Więcej ciekawych artykułów ze świata muzyki znajdziesz na stronie głównej Gazeta.pl >>
Jednak prawdziwy przełom nastąpił rok później, kiedy Flinta postanowiła spróbować swoich sił w nowym programie talent show Polsatu. Była to wówczas pierwsza edycja "Idola", który przetarł pewne szlaki na polskim rynku. Albowiem wcześniej nie było w naszym kraju tego typu programu, co sprawiło, że zarówno jego twórcy, jak i uczestnicy nie do końca wiedzieli czego się spodziewać. Wokalistce bardzo się poszczęściło, ponieważ dotarła do finału, zdobywając ostatecznie drugie miejsce, przegrywając z Alicją Janosz.
Jednak to Ewelinie Flincie się poszczęściło. Rok później wydała debiutancki album "Przeznaczenie", który promował singiel "Żałuję". Utwór szybko stał się przebojem i był bardzo chętnie puszczany przez stacje radiowe. Pomimo tego do dzisiaj niewiele osób wie, że piosenka, jak i cały album są z "publishingu", czyli tzw. banku muzyki. W oryginale piosenkę wykonuje serbska piosenkarka Ana Stanić i została wydana w 1998 roku pod nazwą "Sama". Natomiast w 2004 roku w języku czeskim piosenkę tę nagrała Aneta Langerová pod tytułem „Skvelej nápad".
To jednak nikomu nie przeszkadzało. Płyta szybko uzyskała status złotej, a artystka ruszyła w trasę koncertową promującą wydawnictwo. W tamtym okresie otrzymała również mnóstwo nagród, w tym stauetkę Eska Music Awards dla "najlepszej artystki 2004 roku". To sprawiło, że rok później zdecydowała się wypuścić drugi album "Nie znasz mnie", który był wówczas bardzo popularny, ale obecnie piosenki z tego krążka są przez wielu zapomniane. Później jej kariera zaczyna nieco zwalniać, ale w 2008 roku powraca niczym feniks z popiołów z utworem "Nie kłam, że kochasz mnie", który zaśpiewała w duecie z Łukaszem Zagrobelnym. Utwór podbija polskie listy przebojów, w czerwcu duet odbiera Superjedynkę w kategorii "Przebój roku" w Opolu. Jednak po tym wydarzeniu postanowiła usunąć się nieco w cień.
Po kilkunastu latach ponownie zaczęła występować na Przystanku Woodstock, gdzie zaśpiewała dobrze przyjęty przez publiczność cover piosenki Janis Joplin "Cry baby". Planowała także wydać trzecią płytę, wykonując na koncertach piosenki, które na nią przygotowała, ale ostatecznie go nie wydaje.

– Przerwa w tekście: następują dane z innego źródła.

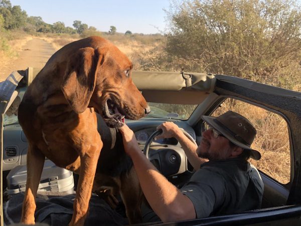 The well-trained dog responded immediately when Simon called him by name, and happily climbed into the front seat of the safari vehicle to be taken back to his handler.

W latach 2010-2015 była zaangażowana w projekt muzyczny Flinta&Palma&Fazi, będący mieszanką rocka, popu i jazzu. W skład grupy wchodzili jeszcze Adam Palma i Mariusz Mielczarek. W tym czasie nadal angażuje się w działanie na rzecz fundacji Anny Dymnej "Mimo Wszystko", którą zaczęła wspierać w okresie największej prosperity. Natomiast 2018 roku wzięła udział w projekcie społeczno-muzycznym Luizy Staniec "Sounds Like Women", który miał zwrócić uwagę na brak równości w pracy i płacach dla kobiet, przemoc domową, molestowanie seksualne, nierówne traktowanie ze względu na kolor skóry czy pochodzenie.

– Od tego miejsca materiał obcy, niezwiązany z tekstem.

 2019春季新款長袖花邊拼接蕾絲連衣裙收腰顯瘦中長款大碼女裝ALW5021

Z tej okazji, po długiej przerwie nagrała swój pierwszy utwór. Piosenka "Tell Me Why" wyszła na światło dzienne w sierpniu 2018 roku i powstała na podstawie historii trzech kobiet, które doznały przemocy domowej. Do piosenki zrealizowano teledysk mający premierę 4 marca 2019. Utwór wraz z czterema innymi pojawił się na minialbumie pt. "Without Violence & of All Colours". Od tego czasu artystka znowu przestała wydawać muzykę, a zmiana nadeszła dopiero trzy lata później.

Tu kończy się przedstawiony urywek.